» TASK ITEM:
Repeat every entry word for word, skipping the pictures.
[Opening SOURCE MATERIAL section]
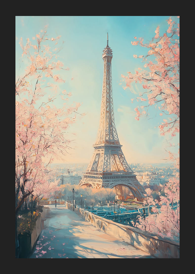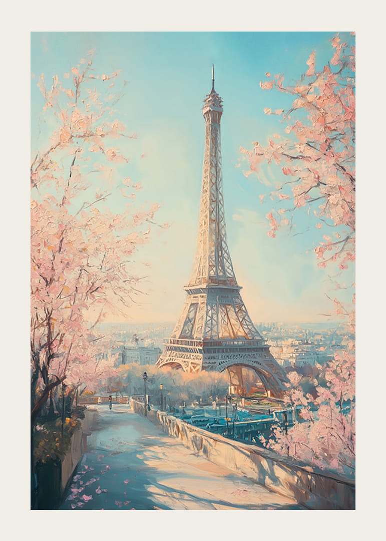 Capture the romance with this poster depicting the Eiffel Tower surrounded by cherry blossoms on a soft spring day. With pastel tones and a dreamy atmosphere, the image conveys the timeless charm and beauty of Paris. Perfect for creating an elegant and romantic feel in your home, this poster is a tribute to the city of love and the magical floral splendor of spring.
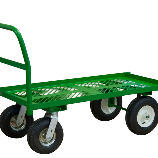 Garden Truck with 10"/12" x 3-1/2" Pneumatic Casters - (2) Rigid, (2) Swivel, Perforated Deck, 1-1/2" Lips Up, Tubular Push Handle, Green
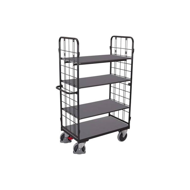 Policový vozík se síťovanými stěnami - Robustní kvalita Trubková ocel a svařovaná profilová ocel, prášková barva RAL 7016 antracitově šedá, odolná povrchová ochrana, odolná proti nárazu a poškrábání. Podélné panely lze zavěsit. - Robustní police Desky na bázi dřeva, tmavě šedý povrch. Výšky polic 290/540 mm a dále po 120 mm směrem nahoru. - Výšky polic Základní police: ve výšce 295 mm. Nejprve zavěšení ve výšce 540 mm, poté stoupající 9x120 mm. - Se 2 otočnými kolečky a 2 pevnými kolečky, otočnými kolečky s brzdami a chrániči nohou. Pneumatiky z termoplastické pryže šedé (neznačící) Ø 200x50 mm. Náboje s přesnými kuličkovými ložisky. - S EasyStop ve standardní výbavě Jednotka je standardně vybavena otočnými kolečky se zarážkami v souladu s normou. Šroubové spojení Evropský patent č. 03 015 642.6 a německý patent č. 103 53 633.
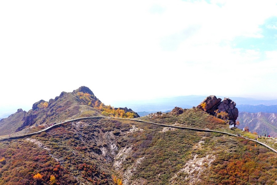 9月26日,游客在固陽(yáng)馬鞍山登山賞景
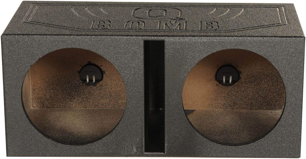 Dual 12 Inch Sub Box vented enclosures designed to hold 2 Subwoofers (not included) playing your music; Rock out and let the streets hear your anthems Dual-chamber design of 12 inch speaker box makes your sound twice as hard; Strong bass and smooth audio enhancement by your 12 inch subwoofer box will make your ride twice as fun Keep yourself and your 12in car speakers safe with a shared slot port vent design inside the 2 12 inch subwoofer box that ensures the speakers stay cool Put some class in your car with the 12 inch subwoofer enclosure built with durable black bed liner spray finish; Impress your friends and family with a stylish yet tough 12 inch subwoofer speaker box Dimensions (L x W x H): 14 x 32 x 13.25 inches, Cutout diameter: 11 inches, Air space (per sub): 1.5 cubic feet, MDF construction: 0.75 inch, Tuning frequency: 40 hZ Product Description Durable Bedliner Spray Finish Behind Seat Design
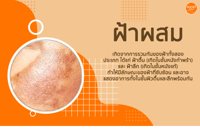 ฝ้าผสม : คือฝ้าที่เกิดจากการรวมกันของฝ้าทั้งสองประเภท ได้แก่ ฝ้าตื้น (เกิดในชั้นหนังกำพร้า) และ ฝ้าลึก (เกิดในชั้นหนังแท้) ทำให้มีลักษณะของฝ้าที่ซับซ้อน และอาจแสดงอาการทั้งในชั้นผิวตื้นและลึกพร้อมกัน
[Closing SOURCE MATERIAL section]
» OUTPUT OF THE TASK:
 Capture the romance with this poster depicting the Eiffel Tower surrounded by cherry blossoms on a soft spring day. With pastel tones and a dreamy atmosphere, the image conveys the timeless charm and beauty of Paris. Perfect for creating an elegant and romantic feel in your home, this poster is a tribute to the city of love and the magical floral splendor of spring.
 Garden Truck with 10"/12" x 3-1/2" Pneumatic Casters - (2) Rigid, (2) Swivel, Perforated Deck, 1-1/2" Lips Up, Tubular Push Handle, Green
 Policový vozík se síťovanými stěnami - Robustní kvalita Trubková ocel a svařovaná profilová ocel, prášková barva RAL 7016 antracitově šedá, odolná povrchová ochrana, odolná proti nárazu a poškrábání. Podélné panely lze zavěsit. - Robustní police Desky na bázi dřeva, tmavě šedý povrch. Výšky polic 290/540 mm a dále po 120 mm směrem nahoru. - Výšky polic Základní police: ve výšce 295 mm. Nejprve zavěšení ve výšce 540 mm, poté stoupající 9x120 mm. - Se 2 otočnými kolečky a 2 pevnými kolečky, otočnými kolečky s brzdami a chrániči nohou. Pneumatiky z termoplastické pryže šedé (neznačící) Ø 200x50 mm. Náboje s přesnými kuličkovými ložisky. - S EasyStop ve standardní výbavě Jednotka je standardně vybavena otočnými kolečky se zarážkami v souladu s normou. Šroubové spojení Evropský patent č. 03 015 642.6 a německý patent č. 103 53 633.
 9月26日,游客在固陽(yáng)馬鞍山登山賞景
 Dual 12 Inch Sub Box vented enclosures designed to hold 2 Subwoofers (not included) playing your music; Rock out and let the streets hear your anthems Dual-chamber design of 12 inch speaker box makes your sound twice as hard; Strong bass and smooth audio enhancement by your 12 inch subwoofer box will make your ride twice as fun Keep yourself and your 12in car speakers safe with a shared slot port vent design inside the 2 12 inch subwoofer box that ensures the speakers stay cool Put some class in your car with the 12 inch subwoofer enclosure built with durable black bed liner spray finish; Impress your friends and family with a stylish yet tough 12 inch subwoofer speaker box Dimensions (L x W x H): 14 x 32 x 13.25 inches, Cutout diameter: 11 inches, Air space (per sub): 1.5 cubic feet, MDF construction: 0.75 inch, Tuning frequency: 40 hZ Product Description Durable Bedliner Spray Finish Behind Seat Design
 ฝ้าผสม : คือฝ้าที่เกิดจากการรวมกันของฝ้าทั้งสองประเภท ได้แก่ ฝ้าตื้น (เกิดในชั้นหนังกำพร้า) และ ฝ้าลึก (เกิดในชั้นหนังแท้) ทำให้มีลักษณะของฝ้าที่ซับซ้อน และอาจแสดงอาการทั้งในชั้นผิวตื้นและลึกพร้อมกัน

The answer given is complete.